**Given records:**
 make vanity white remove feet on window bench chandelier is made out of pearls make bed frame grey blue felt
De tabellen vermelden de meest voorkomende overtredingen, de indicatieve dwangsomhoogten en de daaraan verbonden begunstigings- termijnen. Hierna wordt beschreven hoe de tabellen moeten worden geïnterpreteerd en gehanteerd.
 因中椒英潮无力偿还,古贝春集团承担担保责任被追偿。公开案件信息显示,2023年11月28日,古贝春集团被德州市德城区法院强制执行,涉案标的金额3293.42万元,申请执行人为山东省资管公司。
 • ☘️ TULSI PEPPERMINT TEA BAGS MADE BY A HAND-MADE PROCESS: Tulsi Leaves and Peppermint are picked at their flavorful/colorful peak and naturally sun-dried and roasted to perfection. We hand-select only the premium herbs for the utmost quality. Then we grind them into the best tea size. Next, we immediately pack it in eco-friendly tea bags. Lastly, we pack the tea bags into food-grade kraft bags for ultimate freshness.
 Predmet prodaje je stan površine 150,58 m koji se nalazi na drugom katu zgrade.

...

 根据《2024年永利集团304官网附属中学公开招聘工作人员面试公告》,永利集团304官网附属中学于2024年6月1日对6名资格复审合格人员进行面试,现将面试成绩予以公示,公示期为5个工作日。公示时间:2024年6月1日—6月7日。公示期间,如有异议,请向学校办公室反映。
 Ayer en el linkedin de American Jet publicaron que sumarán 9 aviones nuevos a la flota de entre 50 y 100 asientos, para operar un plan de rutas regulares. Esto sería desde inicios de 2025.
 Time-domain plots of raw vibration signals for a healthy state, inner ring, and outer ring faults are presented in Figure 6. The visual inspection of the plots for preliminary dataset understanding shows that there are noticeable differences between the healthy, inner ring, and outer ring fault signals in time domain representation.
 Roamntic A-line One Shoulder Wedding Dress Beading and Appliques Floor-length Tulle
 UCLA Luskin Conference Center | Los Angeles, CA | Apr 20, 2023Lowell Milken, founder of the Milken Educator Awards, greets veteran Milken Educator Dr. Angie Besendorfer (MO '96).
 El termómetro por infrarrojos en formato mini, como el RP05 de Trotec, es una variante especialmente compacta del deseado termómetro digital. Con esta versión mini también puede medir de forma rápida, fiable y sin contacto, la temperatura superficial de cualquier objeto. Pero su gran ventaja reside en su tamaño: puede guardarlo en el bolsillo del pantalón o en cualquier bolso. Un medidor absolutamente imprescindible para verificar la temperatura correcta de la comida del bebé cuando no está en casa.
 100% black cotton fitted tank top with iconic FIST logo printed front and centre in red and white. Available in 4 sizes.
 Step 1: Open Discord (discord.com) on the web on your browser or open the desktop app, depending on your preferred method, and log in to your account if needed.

---

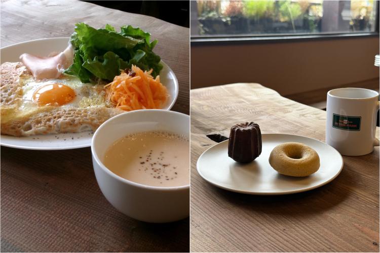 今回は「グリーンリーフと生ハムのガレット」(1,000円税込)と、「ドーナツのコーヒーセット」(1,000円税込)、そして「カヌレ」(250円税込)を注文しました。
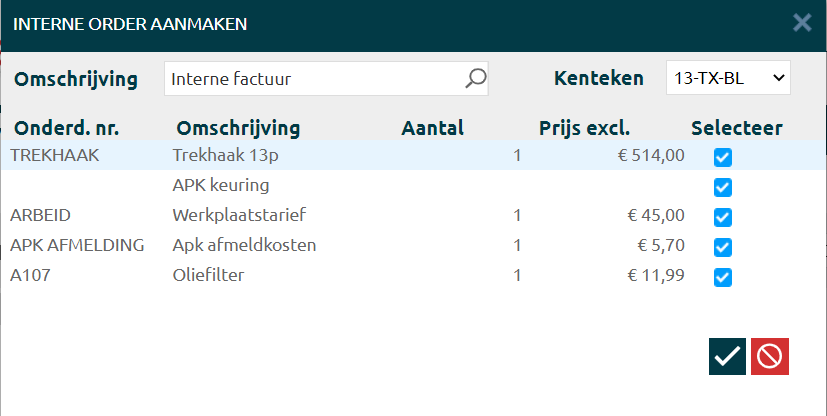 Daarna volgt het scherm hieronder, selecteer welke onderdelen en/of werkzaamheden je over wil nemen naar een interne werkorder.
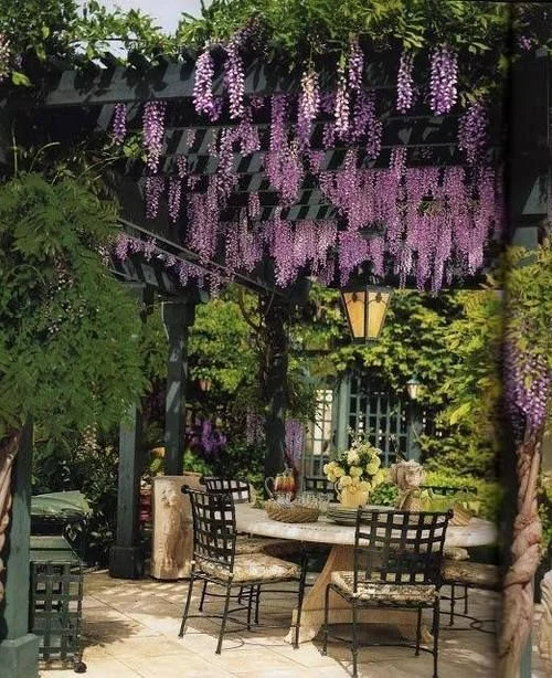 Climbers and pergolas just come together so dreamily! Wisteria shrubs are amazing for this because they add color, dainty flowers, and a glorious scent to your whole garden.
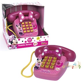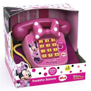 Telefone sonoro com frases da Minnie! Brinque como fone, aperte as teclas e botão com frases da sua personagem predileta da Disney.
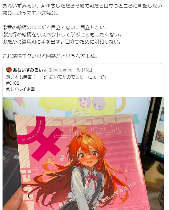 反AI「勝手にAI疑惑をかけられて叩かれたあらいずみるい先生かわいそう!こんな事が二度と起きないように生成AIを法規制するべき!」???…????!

**Action item:**
Find the line with "今回は「グリーンリーフと生ハ" in the data above, and from there retype each line exactly through the line with "反AI「勝手にAI疑惑をかけ", skipping the pictures along the way.

**Task result:**
 今回は「グリーンリーフと生ハムのガレット」(1,000円税込)と、「ドーナツのコーヒーセット」(1,000円税込)、そして「カヌレ」(250円税込)を注文しました。
 Daarna volgt het scherm hieronder, selecteer welke onderdelen en/of werkzaamheden je over wil nemen naar een interne werkorder.
 Climbers and pergolas just come together so dreamily! Wisteria shrubs are amazing for this because they add color, dainty flowers, and a glorious scent to your whole garden.
 Telefone sonoro com frases da Minnie! Brinque como fone, aperte as teclas e botão com frases da sua personagem predileta da Disney.
 反AI「勝手にAI疑惑をかけられて叩かれたあらいずみるい先生かわいそう!こんな事が二度と起きないように生成AIを法規制するべき!」???…????!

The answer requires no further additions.